Dan Lloyd, an English barrister and civil liberties expert, told the conference in Glasgow: “We are now getting cases of young adults of 20 or 30 suing a school for bullying. That is a diversion of resources.”

Mr Lloyd called on education authorities to “stand up and go to court and argue”. At present, he said, as soon as someone sues, the case is handed over to the insurer.

A delegate from a Scottish education authority said there were also concerns north of the border over the effect of bad publicity in such cases. “It is cheaper and better to reduce bad publicity and settle as soon as possible,” she said.

The Government was introducing a Compensation Bill to try to cap the liability the health service faced and to regulate those practitioners not covered by the Law Society, Mr Lloyd said.

But, he told the conference organised by Generation Youth Issues, such legislation was unlikely to reverse the trend of the past 20 years regarding the compensation culture.

Mr Lloyd explained that American law now treated actions and responsibility as separate things, and that this principle was entering the legal system in Britain.

Although there had been a decline in the number of compensation cases coming before courts in Britain, the important point was not about the numbers of cases in court. “What has happened is the growth in quasi-legal apparatus which includes spurious claims,” he said.

This was leading to a fear of litigation affecting professional behaviour in the public sector.

Although the vast amount of claims were made against the NHS, where doctors now practised defensive medicine, pound;200million was paid out to parents in England and Wales in claims against education authorities in the last financial year. “That is a massive diversion of resources away from what schools do best,” Mr Lloyd said.

In the same session on litigation and limitation, Sarah Thomson, a lecturer in education studies at Keele university, said some schools described playtime as a “nightmare” because of worries around playground injuries and the fear of being sued by parents.

She said the catalyst to creating the compensation culture had been a decision in 1984 by the Law Society to allow lawyers to recruit clients through TV advertising.

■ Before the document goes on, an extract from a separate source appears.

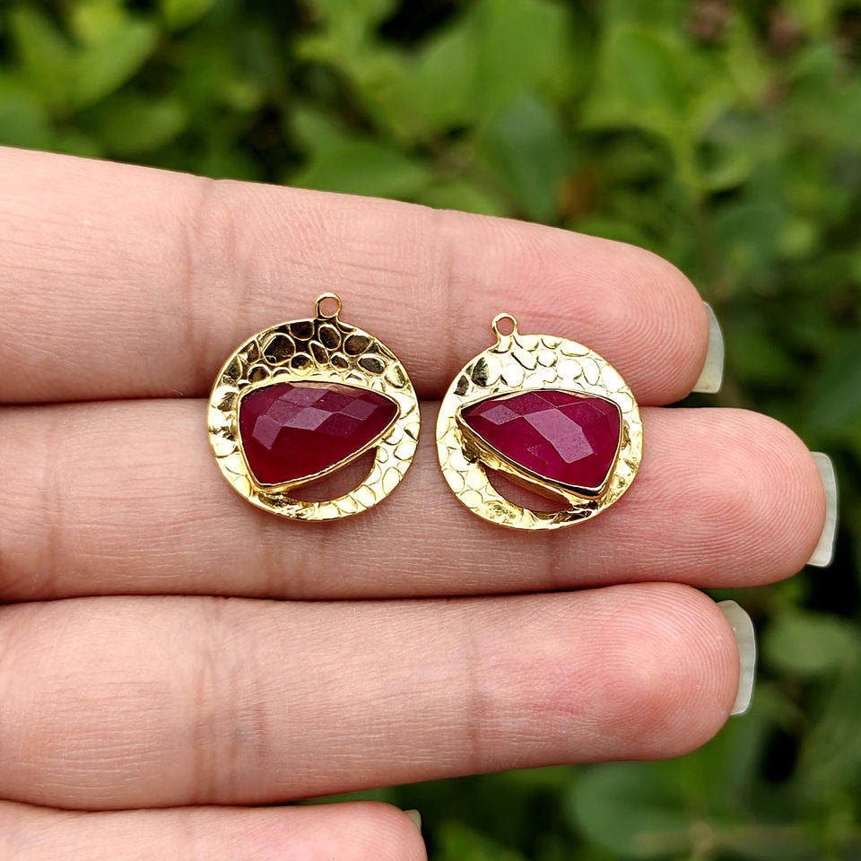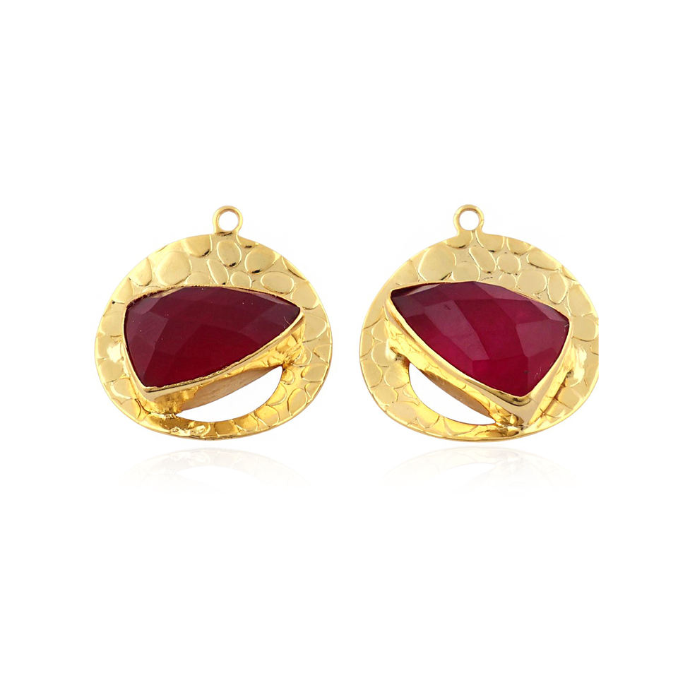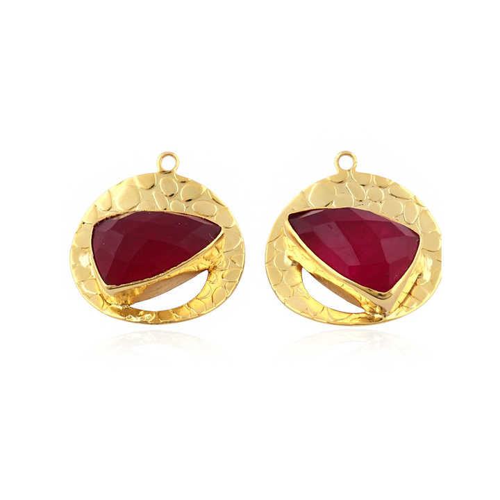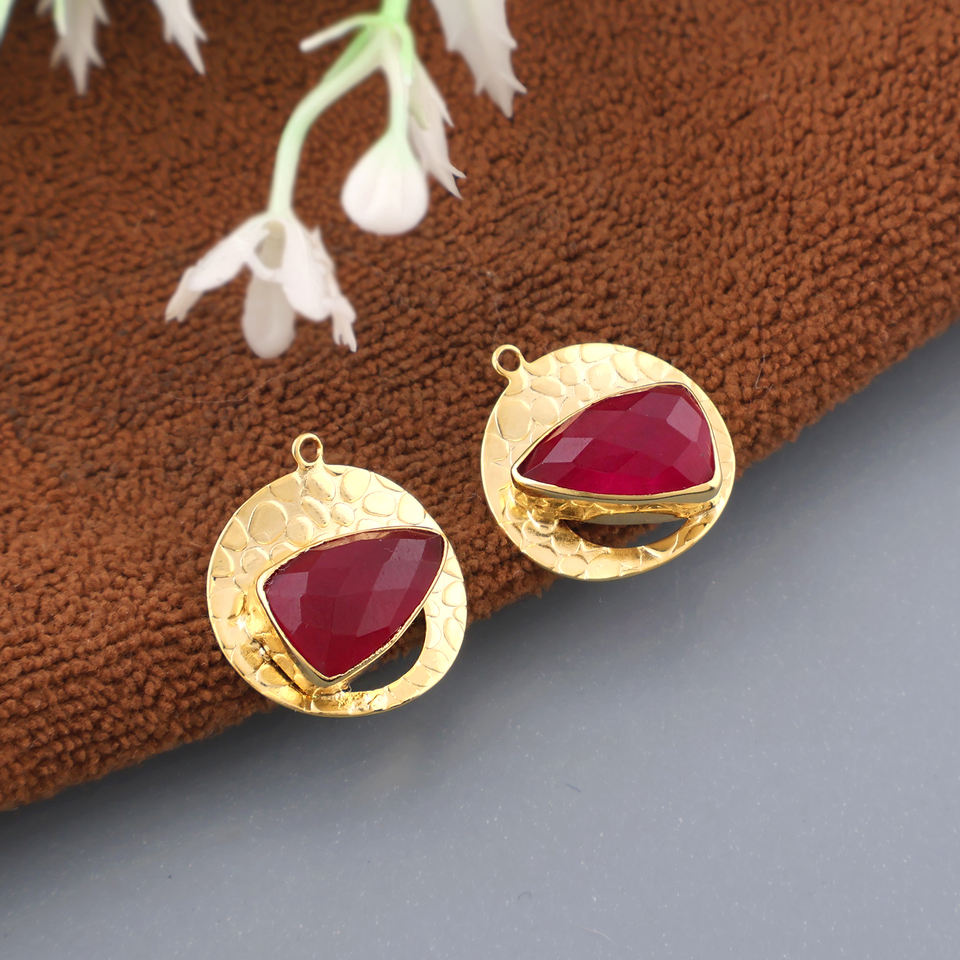 Composant de boucle d'oreille en laiton massif plaqué or 18 carats avec serti à collet pour pierre précieuse rubis et jade taille triligne, connecteur de bijoux moderne mini-breloque

“Where there’s blame there’s a claim” had been the slogan of those advertising personal injury claims services, which had caught the public imagination. She added that teachers’ attitudes had been affected by a poll in 2001 by Mori which showed that 57 per cent of parents said that, if their child suffered personal injury which was seen as the fault of the school, they would take legal action.

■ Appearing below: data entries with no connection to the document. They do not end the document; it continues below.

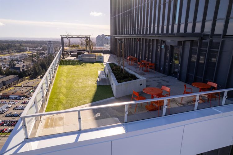Welcome to this bright corner 2-bed, 1-bath home offering 728 sq. ft. of smart, open-concept living. Floor-to-ceiling windows fill the space with natural light, creating a warm and modern feel. The efficient layout makes everyday living comfortable and practical, perfect for first-time buyers, downsizers, or investors. Enjoy access to a rooftop deck, gym, resident lounges, playground, and dog run, designed for both relaxation and connection. Just steps from Surrey Central SkyTrain, shopping, dining, and daily essentials, this home offers convenient city living within reach. Open House: Saturday, February 21st, 2–3:30 PM.
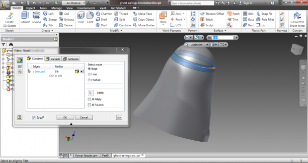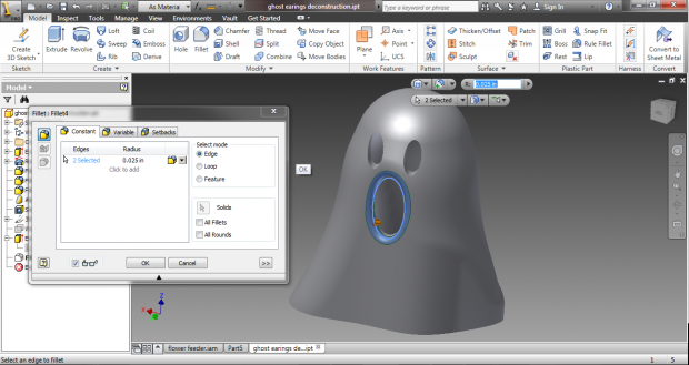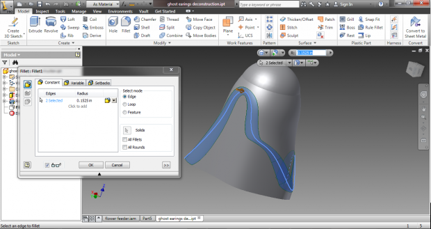 Seleccione cada borde uno en un momento y ajustar el diámetro del filete hasta que haya una transición suave. Asegúrese de que haces esto para todas las partes del modelo que tienen una transición abrubt o borde duro. La siguientes imágenes muestran que mi modelo fue alisada hacia fuera.
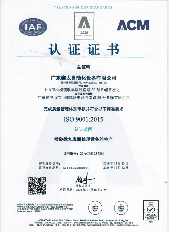 ISO9001认证证书
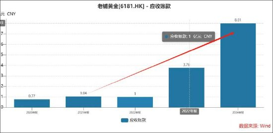 对于老铺黄金,其客群主要面向C端人群。颇为诧异的是,公司应收账款由2022年的1亿元激增至2024年的8.01亿元。
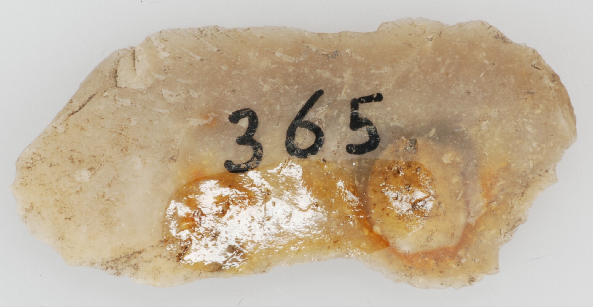 Afslag; vuursteen; vak f31, datum: 23-3-1960 opmerking: patina als gevolg van smeerolie (recent)
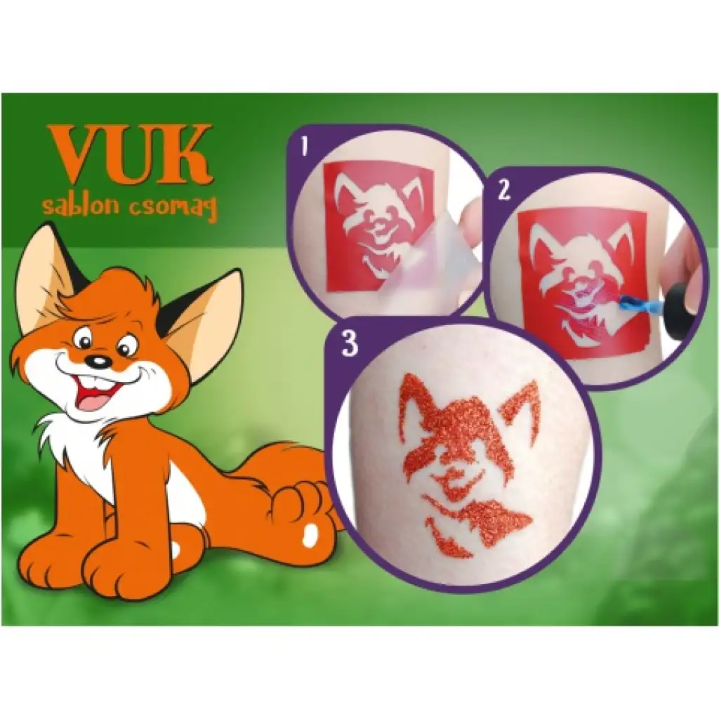 A Fekete István regénye nyomán készített Vuk című rajzfilm mai napig hatalmas népszerűségnek örvend. Ez a fantasztikus 3db-os csillámtetoválás sablon szett a mese három kedvelt karakterét, Vuk-ot, cselét és Unkát mintázza. Vuk a mese főszereplője, a kedves kis rókakölyök, Csele Vuk barátnője, Unka pedig az ugri-bugri béka, akivel Vuk az erdőben találkozik. A csillámtetoválás sablon egyszerűen használható, köszönhetően öntapadós kialakításának. A bőrre könnyedén feltapad és a tetoválás elkészültéig tökéletesen mozdulatlan marad, majd nyom nélkül eltávolítható. A szett kizárólag a 3db öntapadós sablon tartalmazza, a tetoválások elkészítéséhez szükséges ragasztóanyag és csillámpor külön kapható.
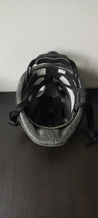 Casco para niñ@, en buen estado. Ideal para proteger la cabeza de tu hij@ mientras disfruta de sus paseos en bicicleta. Talla S =53/57 cm. Incluye las esponjas para ajustar en tamaño y algunas pegatinas para su decoración. - Diseño infantil con estampado de dinosaurio. - Color blanco con detalles azules.
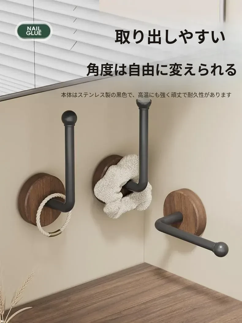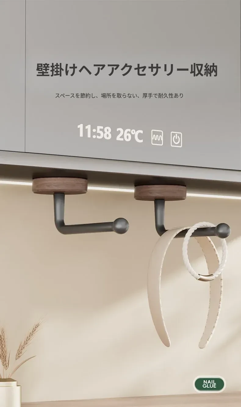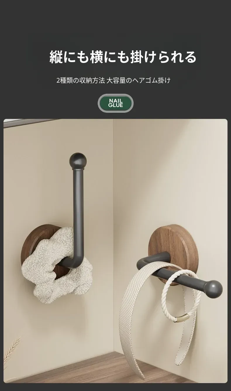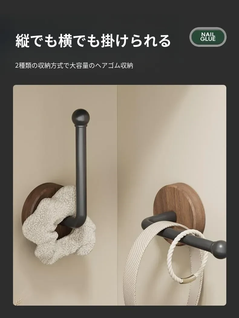 ウォールハンガー付きクルミの木製ヘアゴムフック - おしゃれで実用的なバスルームの必需品!強力な粘着力で、どこでも簡単に取り付け可能。髪飾りやアクセサリーの整理に最適!
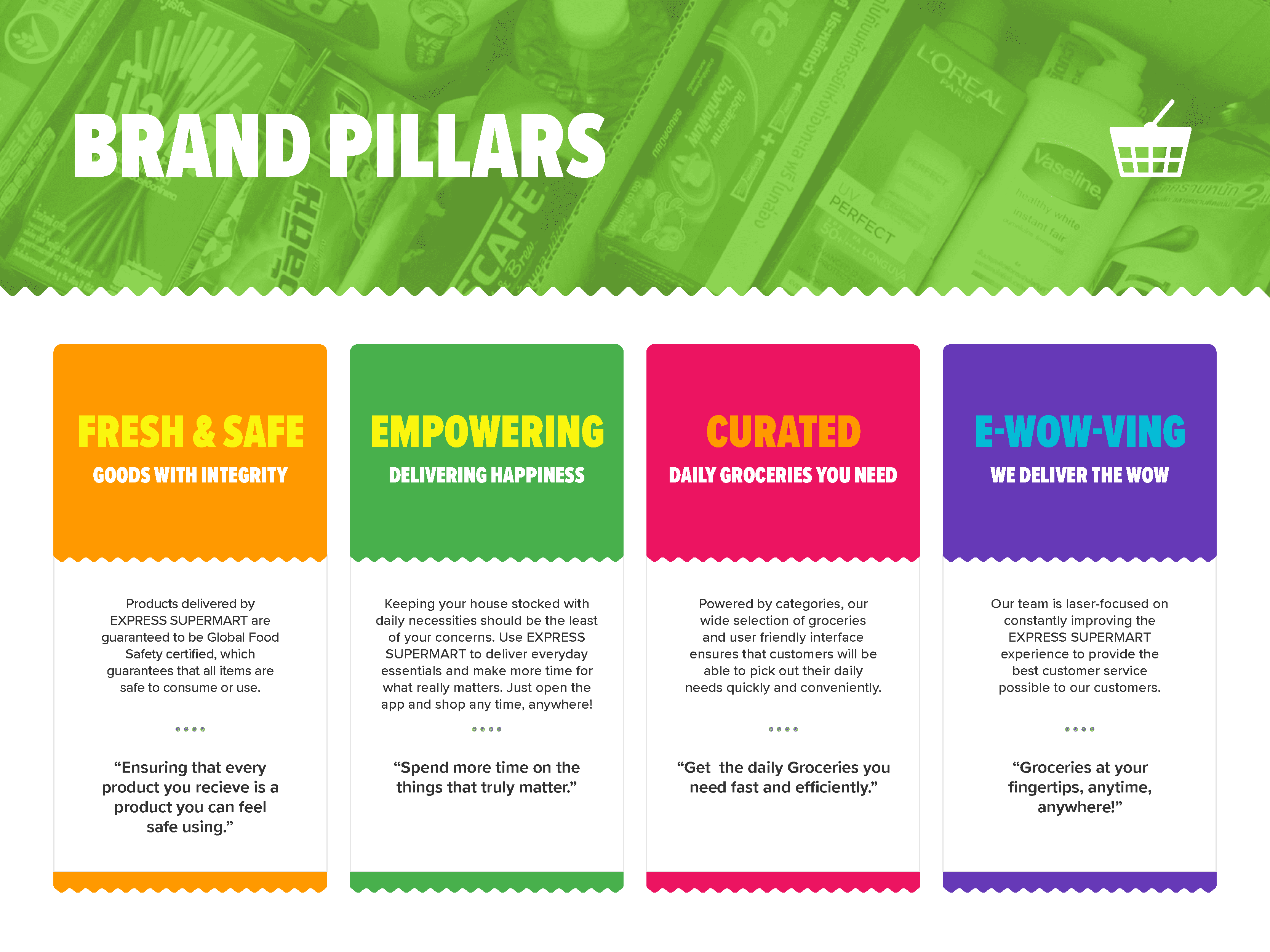 Our design goal was to establish the EXPRESS and SUPERMART names as distinct entities with the Lazada umbrella of services, which meant creating a system of mission statements and brand pillars with which we could align a visual language to. This resulted in the creation of a brand guide, along with a series of banners, templates, and email designs all of which helped articulate the precise nature of the EXPRESS and SUPERMART brands.

In her research, Ms Thomson came across fears about allergic reactions to sticking-plasters which could prompt legal action. One teacher told her:

“We are not even allowed to put a plaster on a child. Wet paper towels are the answer to everything now: the child either gets a wet paper towel or goes to hospital on a 999 call.” Ms Thomson said her research showed there were very few cases where schools had been sued successfully, but nevertheless a policy prevailed of “if in doubt, ban it.”

The conference heard of reported bans on the game British bulldog, skipping ropes and conkers.

Kate Abley, a former teacher turned children’s campaigner, said there was now a “litigation management industry that is really quite shocking”.

Councils had risk management strategies without the risk, she added.

Ms Abley traced the risk management culture to major child abuse scandals - the Jasmine Beckford case in 1984 in Brent, and the Kimberley Carlile case in Greenwich in 1986. These were followed by the furore in 1987 in Cleveland over sexual abuse allegations by two paediatricians.

The Children’s Act had resulted and that legislation should have put children rather than adults at the centre of its concerns, she said.